Introduction to the Theory of Complex Systems (Oxford University Press, 2018)  by SFI External Professor Stefan Thurner and his colleagues Rudolf Hanel and Peter Klimek at complexity Science Hub Vienna, synthesizes hundreds of findings to distill what complex systems share in common. This rigorous, introductory textbook offers a comprehensive overview of complex systems, from ecosystems and traffic to financial markets and social media, and the tools needed to understand their co-evolutionary natures.

 


The Model Thinker: What you need to know to make data work for you (Basic Books, 2018) by SFI External Professor Scott Page simply and in clear language describes dozens of models that can help readers better understand the world. The “many-model thinking” approach offered in the book shows how the insights and overlap of different approaches produces wisdom and more nuanced understandings of complex phenomena.

 


Shadows of Doubt: Stereotypes, Crime and the Pursuit of Justice (Harvard University Press, 2019) by SFI External Professor Rajiv Sethi and Brendan O’Flaherty explores how stereotypes impact the way crimes unfold, and how they contaminate the justice system. At every step  in a crime and its punishment, offenders, victims, law enforcement, and jurors make high-stakes decisions with imperfect information. Stereotypes provide deceptive and powerful shortcuts in time-sensitive decision-making and are implicated in the most controversial criminal justice issues of our time.

 


Computational Matter (Springer International Publishing, 2018), edited by SFI External Professor Steen Rasmussen, Susan Stepney,  and Martyn Amos and part of the Natural Computing series, offers an overview of computing in materio — the unconventional computing performed by directly harnessing the physical properties of materials.
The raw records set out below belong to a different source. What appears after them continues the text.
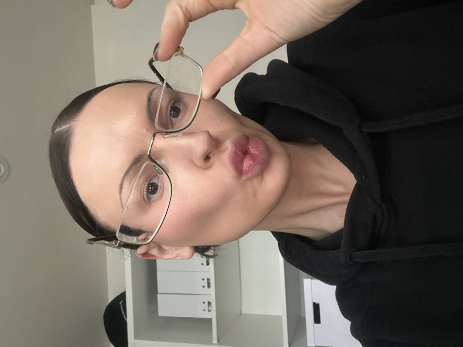 An adult individual is depicted in a close-up, frontal view, indoors within the city of Wealden, United Kingdom. The individual has dark hair pulled back and is wearing a black hooded sweatshirt. They are wearing clear-lensed, rectangular spectacles with thin gold-colored frames. The individual's lips are puckered in a forward gesture, and their eyes are open, looking directly at the camera. Their right hand is positioned to hold the right temple arm of the spectacles. In the background, a white shelving unit is visible. On one shelf, four white binders are aligned, each displaying a black smiley face icon on its spine. Above these binders, a dark, indistinct object rests on a higher shelf, and a white box is partially visible on a lower shelf. The environment appears to be an interior space with white walls.
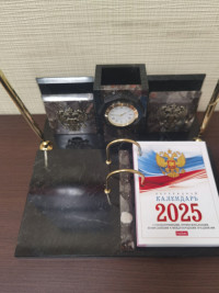 Настольный набор "Офисный" с часами из камня конгломерат станет изысканным подарком на юбилей, корпоратив, профессиональный праздник или важное событие. Каждый товар поставляется в подарочной упаковке, полностью готов к вручению.
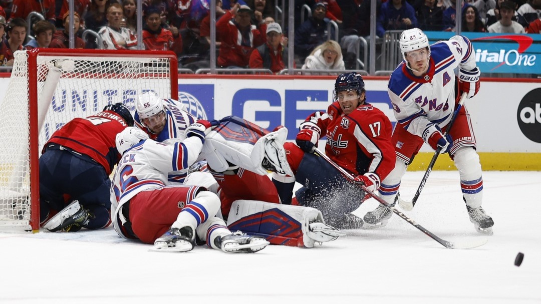 Rangers unable to hold down high-powered Capitals in 7-4 lossRangers sit 20 points behind first-place Capitals1/4/2025, 8:21 PMAssociated PressJan 4, 2025; Washington, District of Columbia, USA; Washington Capitals and New York Rangers players battle rot ehpuck in front of New York Rangers goaltender Jonathan Quick (32) in the first period at Capital One Arena. / Geoff Burke-Imagn Images
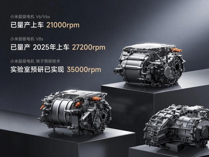 以电机为例,2022年之前,百公里加速2.1秒的Model S Plaid是这个行业里的绝对性能标杆,它搭载了采用碳纤维包覆的电机,最高转速达到了20000rpm,而仅仅过了不到三年,小米推出的V6s电机就打破了这一纪录,去年在小米SU7 Ultra上首发量产的V8s电机,最高转速更是达到了27200rpm。
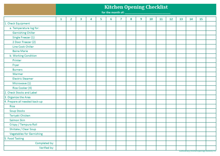 Sample Of Kitchen Checklist at William Ashbolt blog
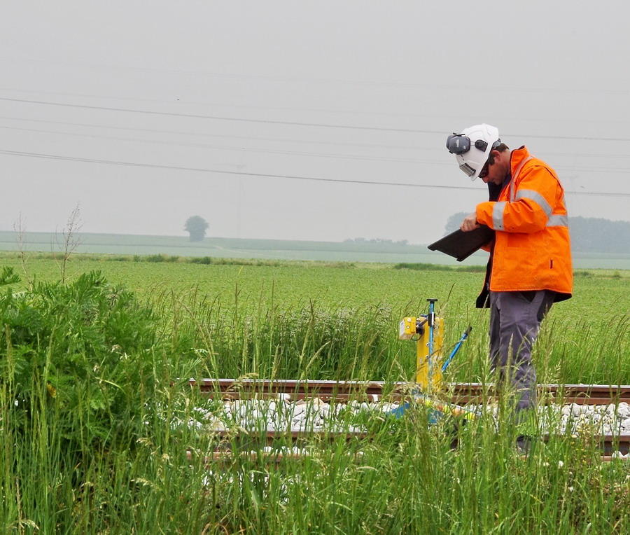 prise de mesure avec un chariot portable de mesure et d’enregistrement numérique de la géométrie de la voie et des appareils de voie
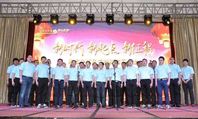 大會(huì)以播放短片的形式回顧了公司一年來(lái)的各項(xiàng)業(yè)務(wù)發(fā)展情況和取得的成績(jī)。副總經(jīng)理邰志東代表公司首先向全體人員致辭,而后在察右中旗烏蘭牧騎《時(shí)代贊歌》、《守望相助》的歌舞里拉開(kāi)序幕。頒獎(jiǎng)環(huán)節(jié),由22名優(yōu)秀行政管理人員、生產(chǎn)管理人員、生產(chǎn)服務(wù)人員、銷(xiāo)售人員和14個(gè)最佳效益獎(jiǎng)、最佳質(zhì)量獎(jiǎng)、最佳合作伙伴獎(jiǎng)、優(yōu)秀團(tuán)隊(duì)獎(jiǎng)、董事長(zhǎng)特別獎(jiǎng)的獲獎(jiǎng)代表上臺(tái)接受了公司各級(jí)領(lǐng)導(dǎo)的頒獎(jiǎng)和祝賀。同時(shí),原種生產(chǎn)管理中心、脫毒組培中心、原種生產(chǎn)管理中心、物流倉(cāng)儲(chǔ)中心用《民豐之歌》和《民豐我們的家》兩首大合唱表達(dá)了對(duì)公司的贊美和熱愛(ài)之情。最后,大會(huì)在烏蘭牧騎《在你偉大的懷抱里》的舞蹈里走向高潮。表彰大會(huì)和文藝演出穿插進(jìn)行,環(huán)環(huán)相扣,方式新穎,得到了全體員工的一致好評(píng),也為即將開(kāi)始的新春生產(chǎn)種植工作注入了活力,帶來(lái)了動(dòng)力。
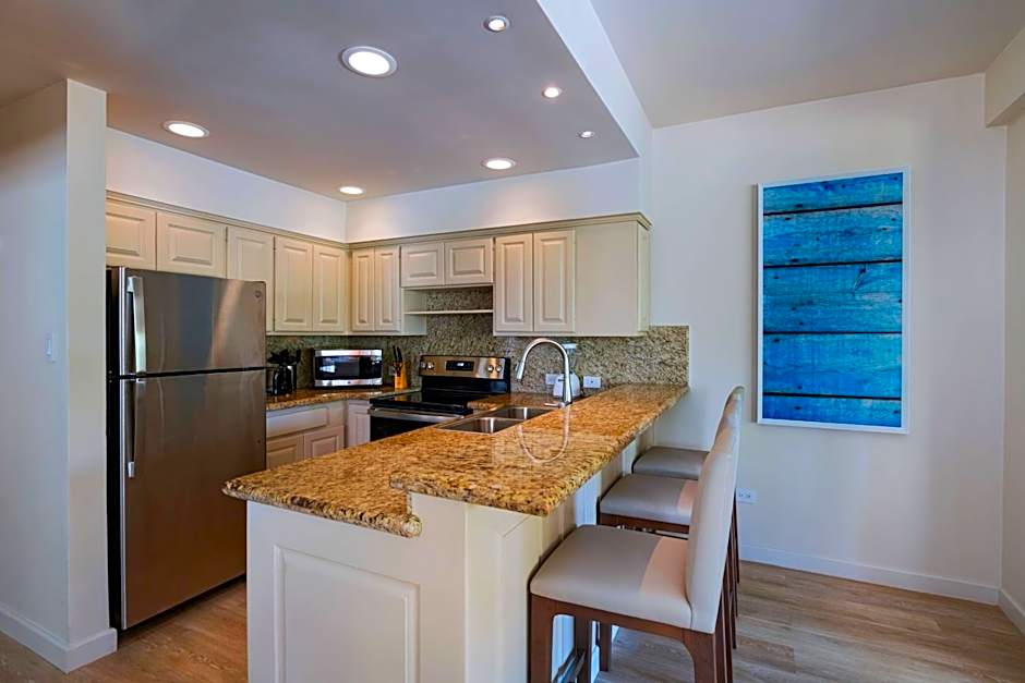 The spacious suite has 1 bedroom and 1 bathroom with a bath and free toiletries. The well-fitted kitchen features a stovetop, a refrigerator, kitchenware and an oven. The air-conditioned suite offers a TV with cable channels, soundproof walls, a tea and coffee maker, a seating area as well as pool views. The unit has 2 beds.
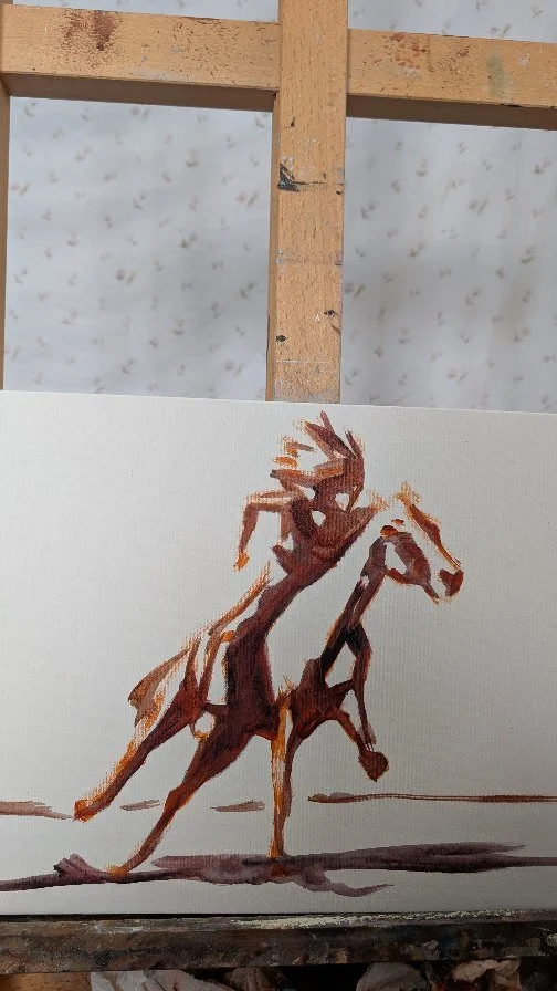 "Reneeās art always tells a story and I was so drawn to Ā“Held By Traditionā. The colours and mood, movement of the sky and female rider spoke to me!"

This introductory text book provides an overview  of the field, with particular attention to theory, practice, applications and implications.   

 


Viruses as Complex Adaptive Systems (Princeton University Press, 2019), by SFI External Professors Ricard Solé and Santiago Elena, examines viruses as both infectious parasites and drivers of species evolution. Pairing complex systems theory with an understanding of viral dynamics has offered new insights into how AIDS develops in patients with HIV-1 and how the flu evolves, and the authors show how it can also be applied analogously to other replicators like computer viruses, cancer, and languages.

 


Pertussis: Epidemiology, Immunology, and Evolution (Oxford University Press, 2019) edited by former SFI Omidyar Fellow Samuel Scarpino and Pejman Rohani, offers a comprehensive overview of the current scientific and public health knowledge of pertussis, or whooping cough, which is one of the world’s leading vaccine-preventable killers. In many regions, including the U.S. and Europe, pertussis cases are on the rise, and there is not consensus as to why. This volume gathers chapters from disparate fields to provide a synthesis of what is known.